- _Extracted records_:
-- -- --
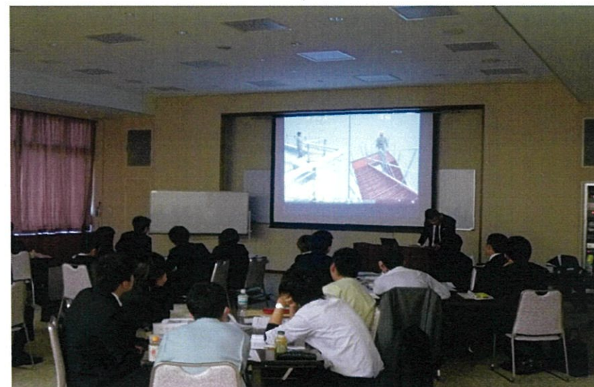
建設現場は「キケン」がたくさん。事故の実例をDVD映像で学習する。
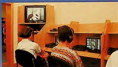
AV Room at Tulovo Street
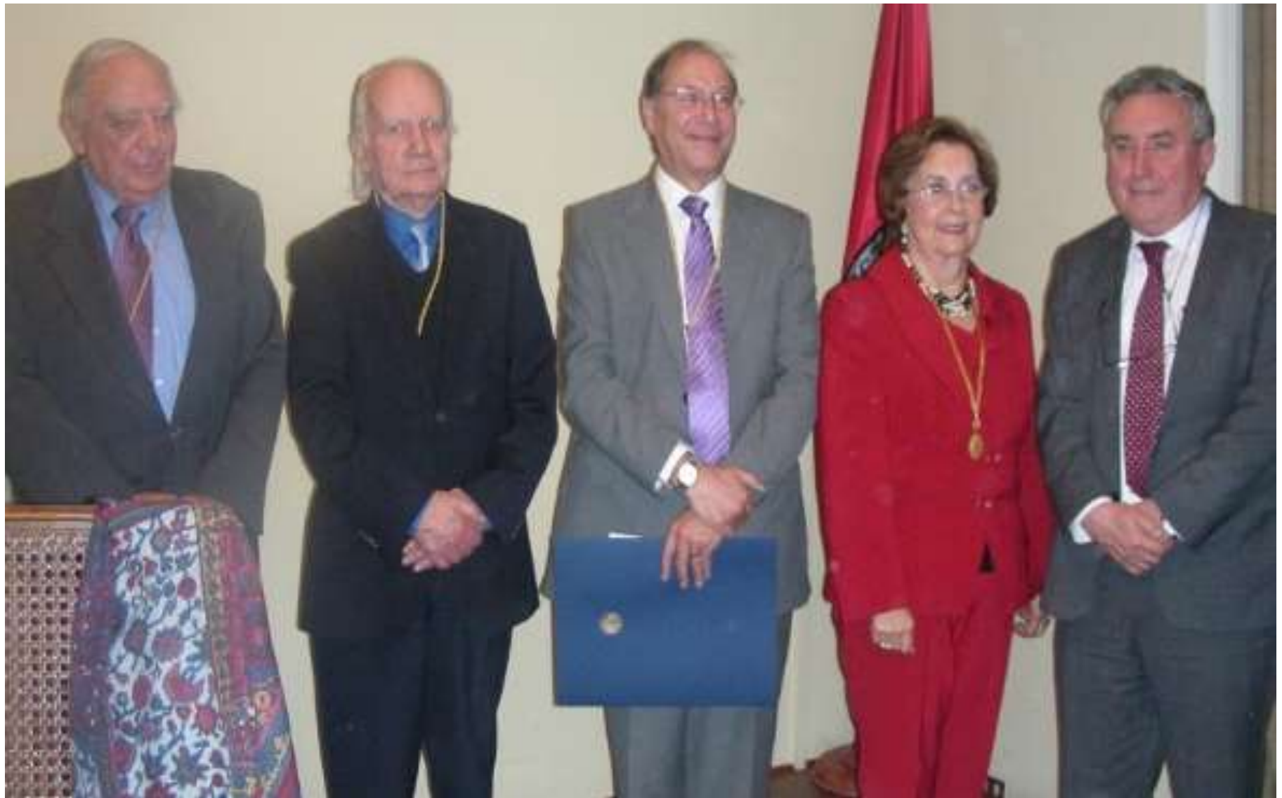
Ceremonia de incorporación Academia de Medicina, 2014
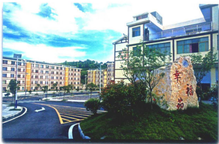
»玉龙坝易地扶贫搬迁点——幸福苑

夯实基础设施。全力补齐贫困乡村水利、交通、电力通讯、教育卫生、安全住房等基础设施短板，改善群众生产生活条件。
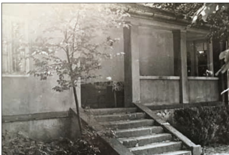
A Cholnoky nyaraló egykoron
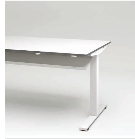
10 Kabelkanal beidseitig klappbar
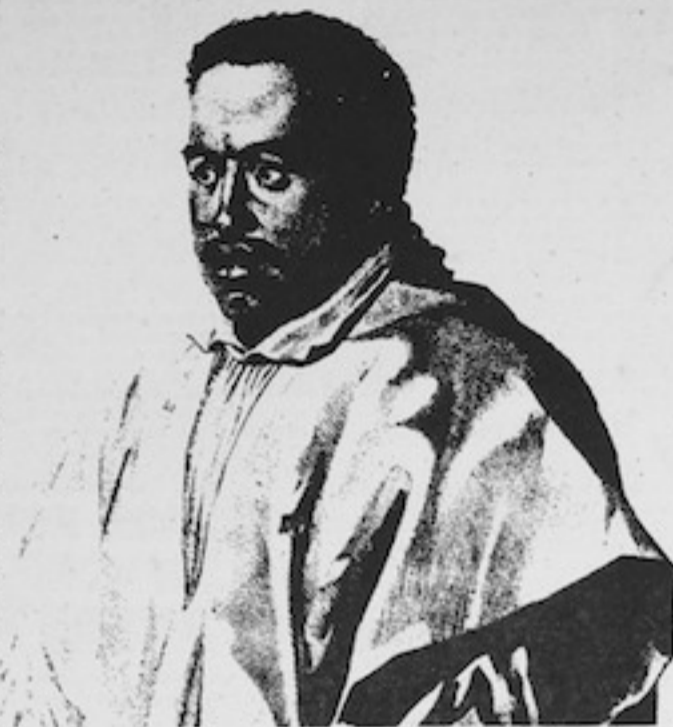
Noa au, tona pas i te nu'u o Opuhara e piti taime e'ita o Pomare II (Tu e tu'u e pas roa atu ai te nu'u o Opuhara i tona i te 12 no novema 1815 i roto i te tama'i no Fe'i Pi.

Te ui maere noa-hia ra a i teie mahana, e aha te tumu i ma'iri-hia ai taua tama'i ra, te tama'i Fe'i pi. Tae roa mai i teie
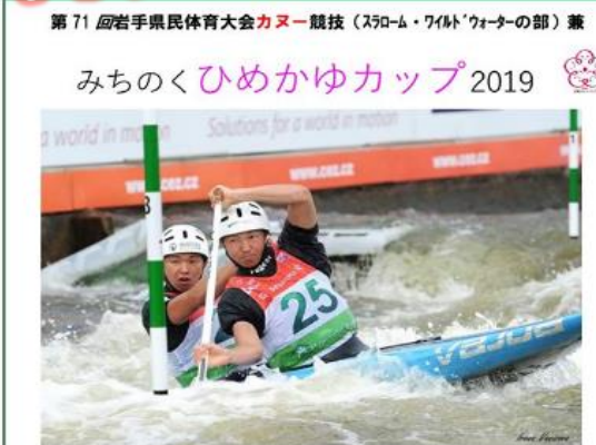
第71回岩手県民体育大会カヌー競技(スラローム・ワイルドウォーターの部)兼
-- -- --
- _REQUIRED ACTION_: The required output is an exact copy of the lines from the one with "A Cholnoky nyaraló egykoron" through the final line of the data above, with pictures removed.

- _THE ANSWER_:
A Cholnoky nyaraló egykoron
10 Kabelkanal beidseitig klappbar
Noa au, tona pas i te nu'u o Opuhara e piti taime e'ita o Pomare II (Tu e tu'u e pas roa atu ai te nu'u o Opuhara i tona i te 12 no novema 1815 i roto i te tama'i no Fe'i Pi.

Te ui maere noa-hia ra a i teie mahana, e aha te tumu i ma'iri-hia ai taua tama'i ra, te tama'i Fe'i pi. Tae roa mai i teie
第71回岩手県民体育大会カヌー競技(スラローム・ワイルドウォーターの部)兼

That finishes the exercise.